Pearson’s chi-square (\(\chi^2\)) statistic is a commonly used metric used to determine goodness of fit with count regression models.
\[ \chi^2 = \sum_{i=1}^{n}\frac{(y_i-E({y_i}))^2}{Var({y_i})} \] The expected value \(E({y_i})\) and variance \(Var({y_i})\) can be calculated for the response variable of interest depending on the count model (e.g., Poisson, NB, ZIP, or ZINB; Zuur et al. [2009]). Using the (\(\chi^2\)) statistic, data can be divided into intervals and the numbers of observations within each interval can be compared. Generally, a satisfactory model fit is indicated if the ratio of the \(\chi^2\) to its degrees of freedom is close to one.
13.4.1 Exercises
13.7 Create a diagnostic plot using ggplot()
that shows the Pearson residuals for the zero-inflated Poisson model that predicts the number of fish caught from the fishing data set.
13.8 Write two functions in R that can be applied to any data set with observations and model predictions. One function should calculate the root mean square error (RMSE) and the other the mean bias (MB). Use the functions to determine the RMSE and MB for the standard Poisson and zero-inflated Poisson models that predict the number of fish caught from the fishing data set.
13.5 Summary
Count data, where observations represent non-negative integers, are widely found across natural resources disciplines. The Poisson distribution is the classic count distribution that can describe many distributions of count data. While it assumes that a mean value is equal to its variance, if this assumption cannot hold, consider if the data are distributed as a negative binomial distribution. When modeling data with a negative binomial, a dispersion parameter is specified to account for differences in values for the mean and variance. If a number of excess zeros are present in the data, consider the zero-inflated implementations of these models. Zero-inflated models estimate two equations: one that reflects the count model (analogous to the standard Poisson or negative binomial models) and another that estimates a logistic model for predicting the excess zeros.
Count models are generalized linear models and can be fit in R using code and syntax similar to logistic regression. The glm()
function can fit standard Poisson models while the glm.nb()
function from the MASS package fits negative binomial models. The pscl package is popular for fitting zero-inflated versions of these models and provides parsimonious output for interpreting and assessing models. It is a good practice to fit different versions of count models, including standard and zero-inflated ones, and compare their performance with metrics such as AIC and root mean square error and visualizations such as diagnostic plots. Having a thorough understanding of these regression modeling techniques will aid you when you encounter count data.
13.6 References
Gill, K.G., L.B. Johnson, R.A. Olesiak, R.J. Prange, and A.J. David. 2019. Defining the University of Minnesota experimental forests landbase. Retrieved from the University of Minnesota Digital Conservancy. Available at: https://hdl.handle.net/11299/209141.
Gray, B.R. 2005. Selecting a distributional assumption for modelling relative densities of benthic macroinvertebrates.

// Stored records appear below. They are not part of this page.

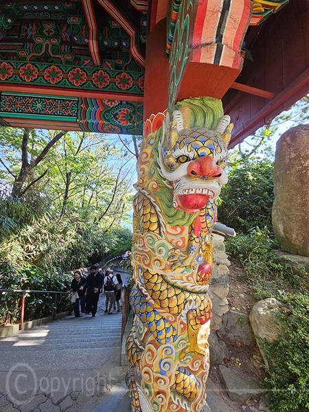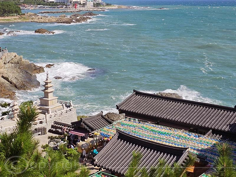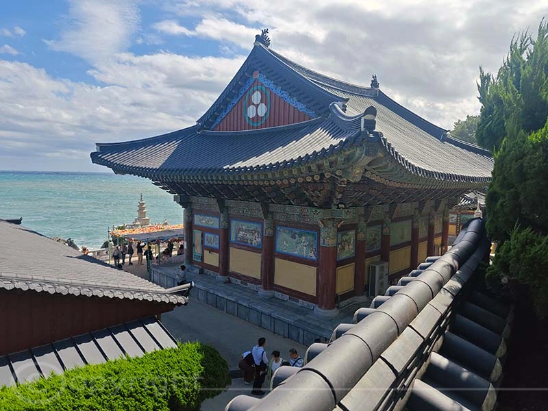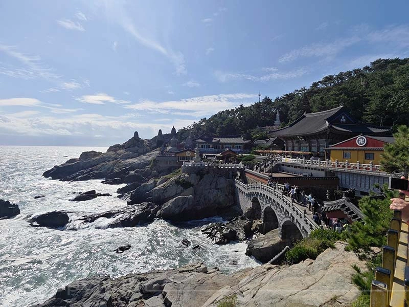 Der Haedong Yonggungsa-Tempel ist ein außergewöhnlicher buddhistischer Ort, der majestätisch auf den steilen Klippen direkt über dem Meer thront. Ursprünglich im Jahr 1376 erbaut, wurde der Tempel während des verheerenden Imjin-Krieges zerstört und erst 1930 wiederhergestellt. Seinen heutigen Namen erhielt er jedoch erst 1974, als der Mönch Jeongam von einem Traum berichtete, in dem er einen Buddha sah, der in weißem Gewand auf einem Drachen gen Himmel flog. Unter den noch erhaltenen Bauwerken des Tempels befinden sich die eindrucksvolle Daeungjeon-Halle sowie die Schreine Gulbeopdang und Yongwangdang. Bei unserem Besuch herrschte perfektes Wetter und verstärkte die friedliche Atmosphäre dieses heiligen Ortes.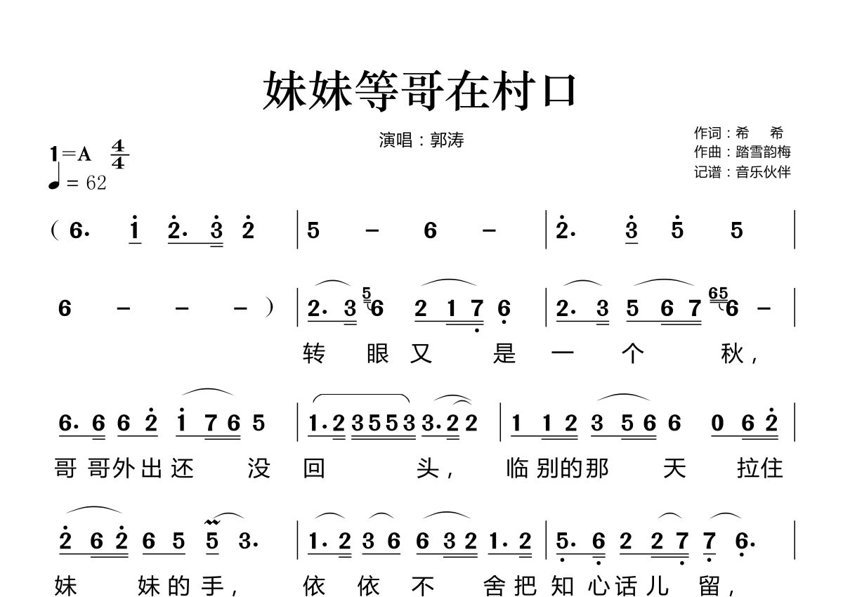 妹妹等哥在村口简谱 - 郭涛演唱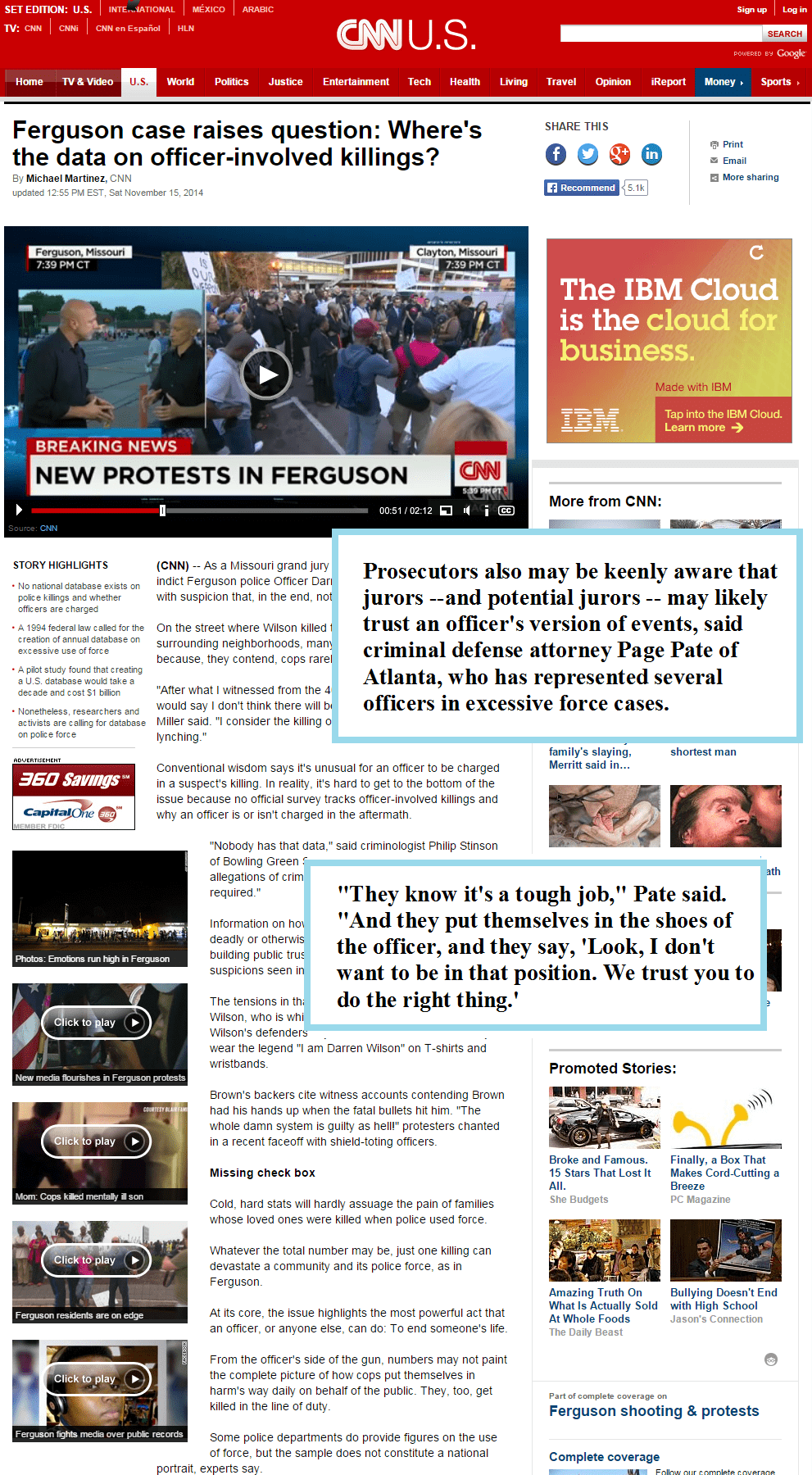 Criminal defense attorney Page Pate of Atlanta, Georgia, has represented several officers in excessive force cases and discusses the issue with CNN.com. Jurors and potential jurors are “likely to trust an officer’s version of events.”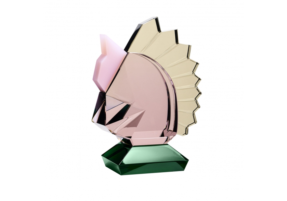 Horse diseñado y producido por Reflections Copenhagen es un sujetalibros con forma de equino completamente estructurado en cristal rosado, gris, rosa y verde.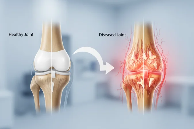 در آرتروز، این غضروف به مرور زمان نازک شده یا کاملاً از بین میرود. نتیجه این فرایند، تماس مستقیم استخوانها، ایجاد اصطکاک، بروز التهاب، شکلگیری خارهای استخوانی (استئوفیت) و در نهایت درد و محدودیت حرکتی است.

Ecological Modelling 185: 1-–12.
Venables, W. N., and B.D. Ripley. 2002. Modern applied statistics with S. Fourth edition. Springer, New York.
Welsh, A.H., R.B. Cunningham, C.F. Donnelly, and D.B. Lindenmayer. 1996. Modelling the abundance of rare species: statistical models for counts with extra zeros. Ecological Modelling 88: 297-–308.
Winkelmann, R. 2008. Econometric analysis of count data. Springer, Berlin.
Zuur, A., E.N. Ieno, N. Walker, A.A. Saveliev, G.M. Smith, G.M. 2009. Mixed effects models and extensions in ecology with R. Springer-Verlag, New York.